The government needs to adopt a multi-pronged strategy in terms of:
- Setting up institutions to simulate sophisticated cyber attacks with the help of qualified personnel. These institutes would be used for training various agencies like intelligence, IT administrators, developers, etc, for offensive and defensive cyber warfare techniques.
- Set up early-warning capabilities about impending attacks and developing expertise in cyber forensics, which includes tools that focus on acquiring information from attacked systems to find out sources of attacks.
- A task force that will certify all imported software and hardware procured.
- Put up segmentwise security guidelines for critical infrastructures and economic segments like banking, defence, railways, aviation, atomic energy, oil & gas, etc.

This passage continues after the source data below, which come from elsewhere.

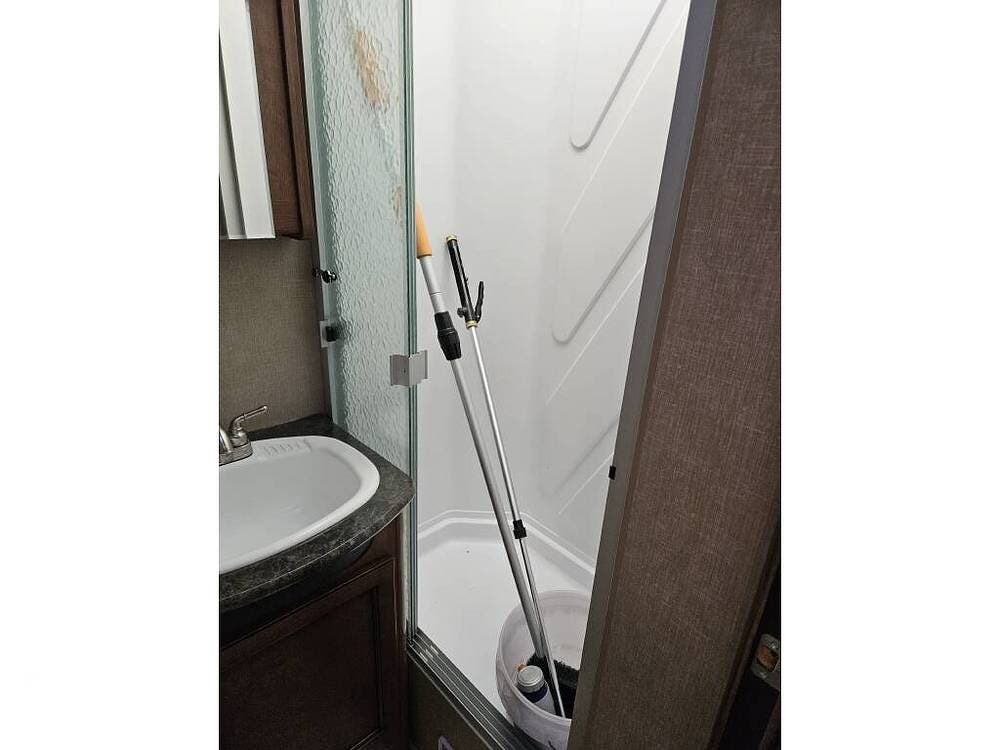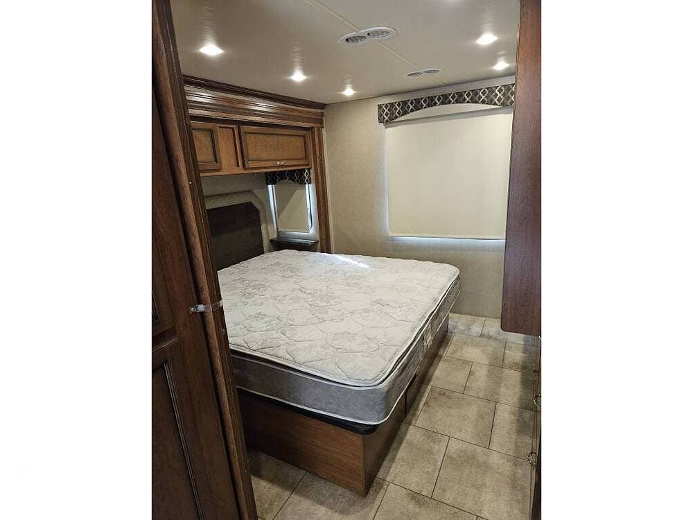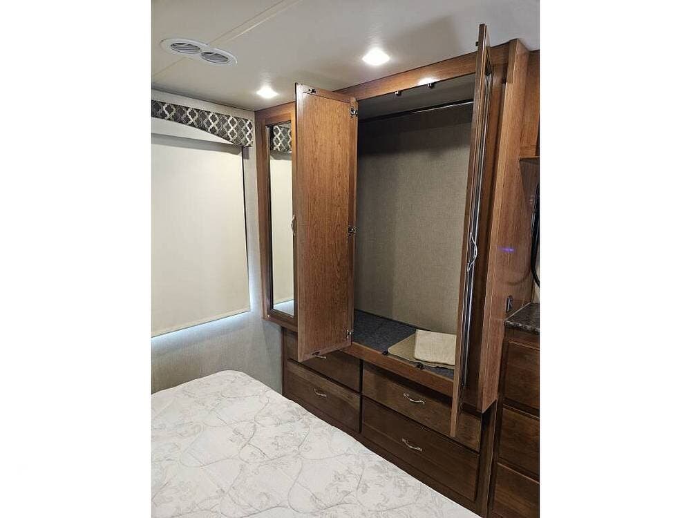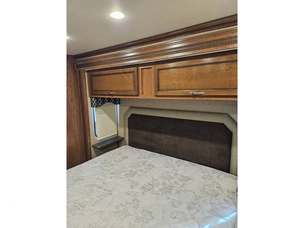 Outside, you'll find even more to love. A large 18-foot power awning provides shaded outdoor living space, and the exterior entertainment center includes a mounted TV and speakers--perfect for movie nights under the stars. There's also an outdoor shower for rinsing off after hikes or trips to the beach. Ample basement storage, a 4.0kW Onan generator, dual air conditioners, and a 5,000-pound towing capacity round out the features that make this RV a standout.
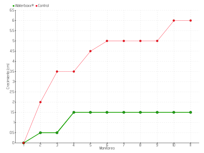 2 | 12/06/2013 | 17.00 cm | 0.50 cm | 0.0357 cm/día | 0.50 cm |
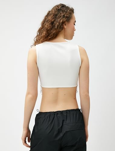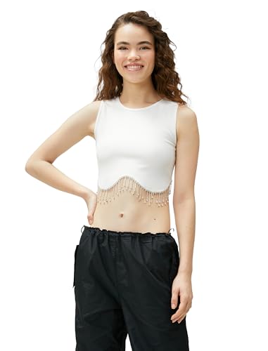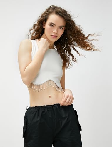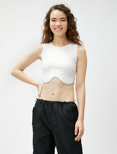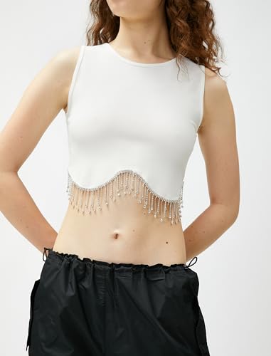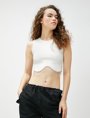 KOTON - KOTON womens Crop Drop Glitz Stone Detail Crew Neck Tanktop
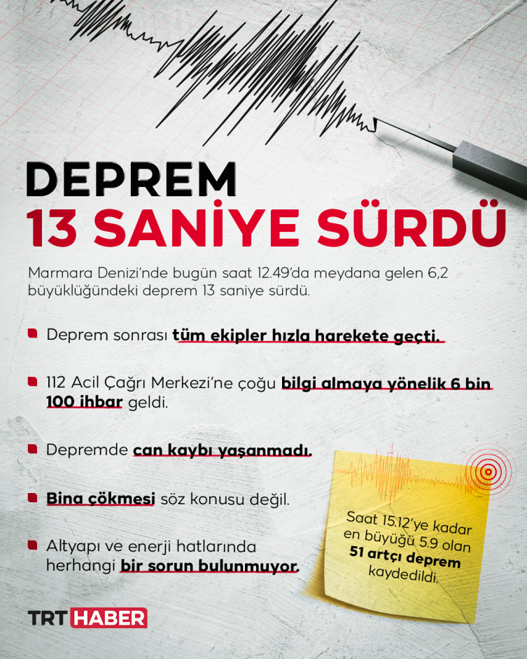 "Marmara Denizi içinde bugün saat 12.49’da 6.2 büyüklüğünde bir deprem meydana geldi. Yerin yaklaşık 7 km derinliğindeki deprem toplam 13 saniye sürdü. Silivri açıklarına 24 km uzaklıkta olan deprem başta İstanbul olmak üzere civar illerde de hissedildi. Saat 15.12’ye kadar en büyüğü 5.9 olan 51 artçı deprem kaydedildi. 112 Acil Çağrı Merkezimize şu ana kadar 6 bin 100 ihbar geldi. Bu ihbarların büyük çoğunluğu bilgi almaya yönelikti. Şükürler olsun şu ana kadar can kaybı ve yaralı vatandaşımız bulunmamaktadır."

- Carry out regular assessments of these establishments.
- Set up a computer emergency response team for each of these sectors.
Principal Secretary, IT and BT, Department of Karnataka Government has initiated an action plan to develop an Inter-State Coordination group for cyber security from which some thoughts can be generated as an input for the national plan.
The Government needs to use resources from the private sector to formulate a good defense mechanism. A comprehensive cyber defense strategy for the country is required to be developed. “To start the process a ‘National Cyber Security Advisory Group’ needs to be set up with suitable advisors in place. In my opinion, we need to set up a ‘Cyber Force’ as the fourth wing of our defense along with Army, Navy and Airforce. This has to be under the defense ministry. There needs to be two other national level sub agencies one under the Home department which coordinates the defense against the cyber crimes and another under Ministry of IT which coordinates the corporate information security initiatives. CERT-In can undertake the responsibility of coordinating the IS initiatives along with NIC which may focus on e-governance projects,” says N Vijayashankar (Naavi), a reputed cyber law specialist and an e-business consultant.
Naavi further elaborates that the overall control should rest with the Cyber Force which should be responsible for defending the Indian Cyber Borders. Since Cyber borders exist in every computer connected to the Internet, the cyber Force is not like the physical army which remains unseen by a common man at far away borders. This Cyber Force needs to have its units in the cities and work with ISPs and MSPs in defending the Indian Cyber Space.
“It can be headquartered in the Silicon City of India, Bengaluru, which is developing into the Cyber Security capital of India. It has to deploy its units in all major ISPs and MSPs which are the gateways to the Cyber Space. It may also need to deploy special protection forces at critical projects such as UID, NSE, IDRBT, etc. Lot of thought has to go into structuring the activities of such a force and it needs an elaborate discussion in a separate forum,” says Vijayashankar.
All said and done, the term war is assuming new proportions and refraining to owe allegiance to the conventional form of physical warfare. It leaves one and all non-pulsed by its new avatar and grasping with the thought of what next is in store.